After being awarded a second research fellowship in 1969 at Tulane University, Epps became an assistant professor of medicine in 1971. During this time, Epps extended the work she had done at Howard and developed MEdREP, the Medical Education Reinforcement and Enrichment Program. It is a summer program intended to provide minority students interested in a career in the medical field with opportunities to learn about a career in medicine and prepare them to become competitive candidates for medical school. In 1975, Epps became the Director of Medicine at the Tulane Medical Center. In 1980, she was promoted to the assistant dean of student services.

In 1997, Epps became the first female dean of the School of Medicine at Meharry Medical College. At the time, she was also the only African-American woman with a Ph.D. to become dean of a U.S. medical school. As of 1999, Epps was the interim vice-president for academic affairs at Tulane. In 2013, at the age of 83, Epps became the president and CEO of the School of Medicine at Meharry Medical College, possibly the first African-American woman with a PhD to lead a medical school.

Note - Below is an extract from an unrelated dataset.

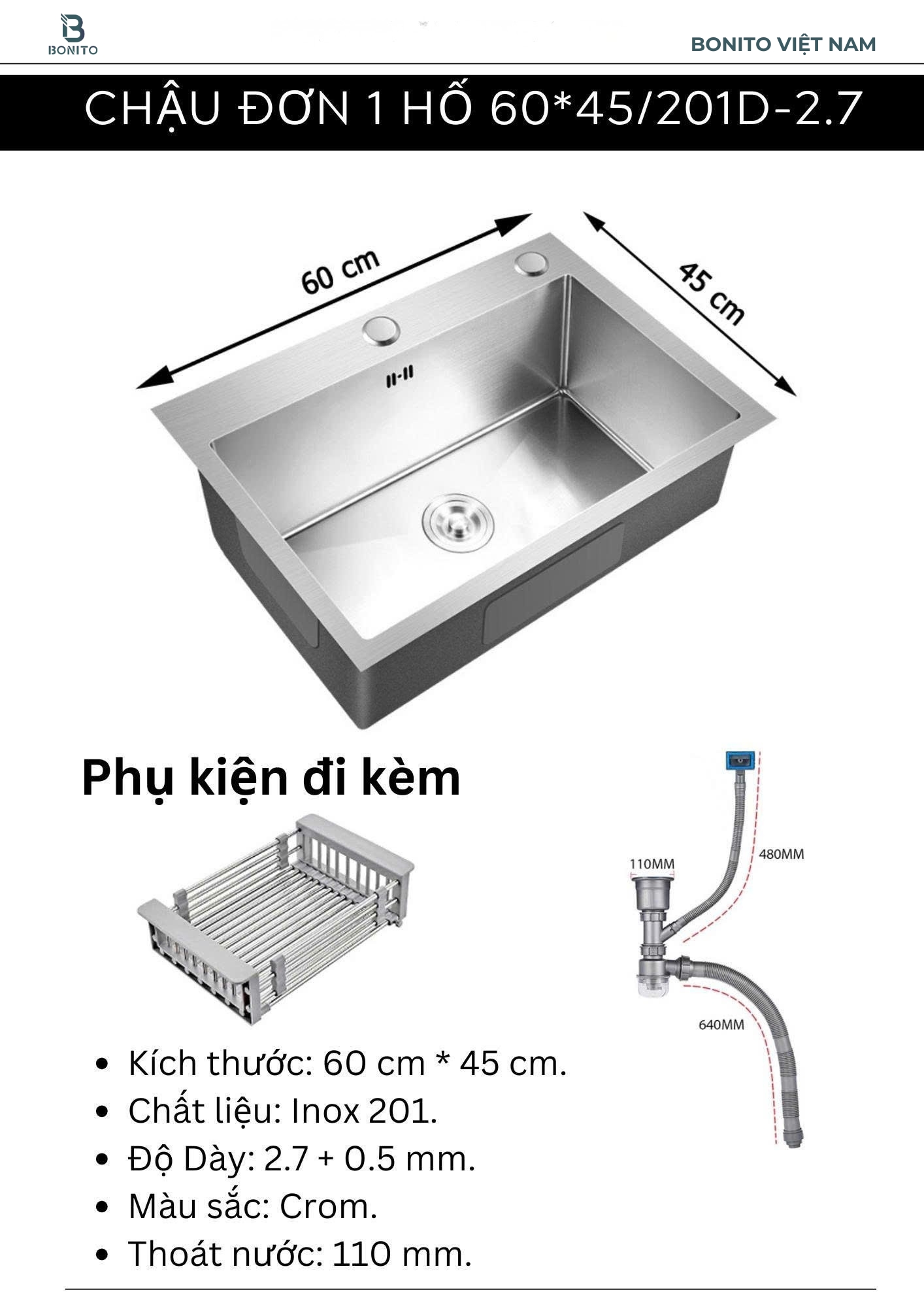 Chậu rửa đơn tiện lợi cho không gian nhỏ. Inox cao cấp, bề mặt sáng bóng, chống trầy xước và dễ làm sạch.

Epps spent sixty-two years working in medical education.

Epps died in 2017 and was funeralized by Auxiliary Bishop Fernand Cheri III at the Cathedral-Basilica of Saint Louis in New Orleans.

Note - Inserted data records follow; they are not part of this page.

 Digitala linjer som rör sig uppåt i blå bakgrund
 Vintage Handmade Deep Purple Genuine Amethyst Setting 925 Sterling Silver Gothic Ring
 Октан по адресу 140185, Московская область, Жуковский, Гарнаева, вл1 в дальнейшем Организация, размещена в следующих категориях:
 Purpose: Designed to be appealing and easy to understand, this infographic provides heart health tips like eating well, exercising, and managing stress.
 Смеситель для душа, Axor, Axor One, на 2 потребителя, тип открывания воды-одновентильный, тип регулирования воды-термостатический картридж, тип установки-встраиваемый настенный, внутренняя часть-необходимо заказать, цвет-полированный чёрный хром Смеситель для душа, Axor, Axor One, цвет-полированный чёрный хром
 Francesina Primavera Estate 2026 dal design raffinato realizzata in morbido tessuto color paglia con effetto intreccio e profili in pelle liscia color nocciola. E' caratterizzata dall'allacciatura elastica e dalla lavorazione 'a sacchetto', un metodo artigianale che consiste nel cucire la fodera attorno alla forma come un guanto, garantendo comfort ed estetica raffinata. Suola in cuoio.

== Boards and committees ==
Epps held key appointments on boards and committees that reflected her commitment to improving the medical sciences for minorities.

Epps served as a member of the Minority Health Advisory Committee for the Centers for Disease Control, Department of Health and Human Services and the National Board of Medical Examiners. Epps was also an emeritus member of the Georgetown University Board of Regents.

== Awards and honors ==
In 1966, Epps was awarded a U.S. Public Health Service Faculty Research Fellowship while conducting research at Johns Hopkins University School of Medicine.

In 1969, Epps was awarded a second research fellowship to continue her work at Tulane University.

In 2008, The Anna C. Epps, PhD - Morris A. Spirtes, MD Fund was established by Dr. Jim Doty, who attended the summer MEdREP program at Tulane in 1975. This fund endows two chairs and funds scholarships to assist economically disadvantaged students and is one of the largest gifts made to the Tulane School of Medicine.

The Anna Cherrie Epps, Ph.D., Center for Educational Development and Support was established in 2007 at Meharry Medical College in honor of Dr. Epps efforts to foster excellence in teaching and learning medicine.

==Personal life==
Epps was married to Dr. Joseph M. Epps. She was Catholic.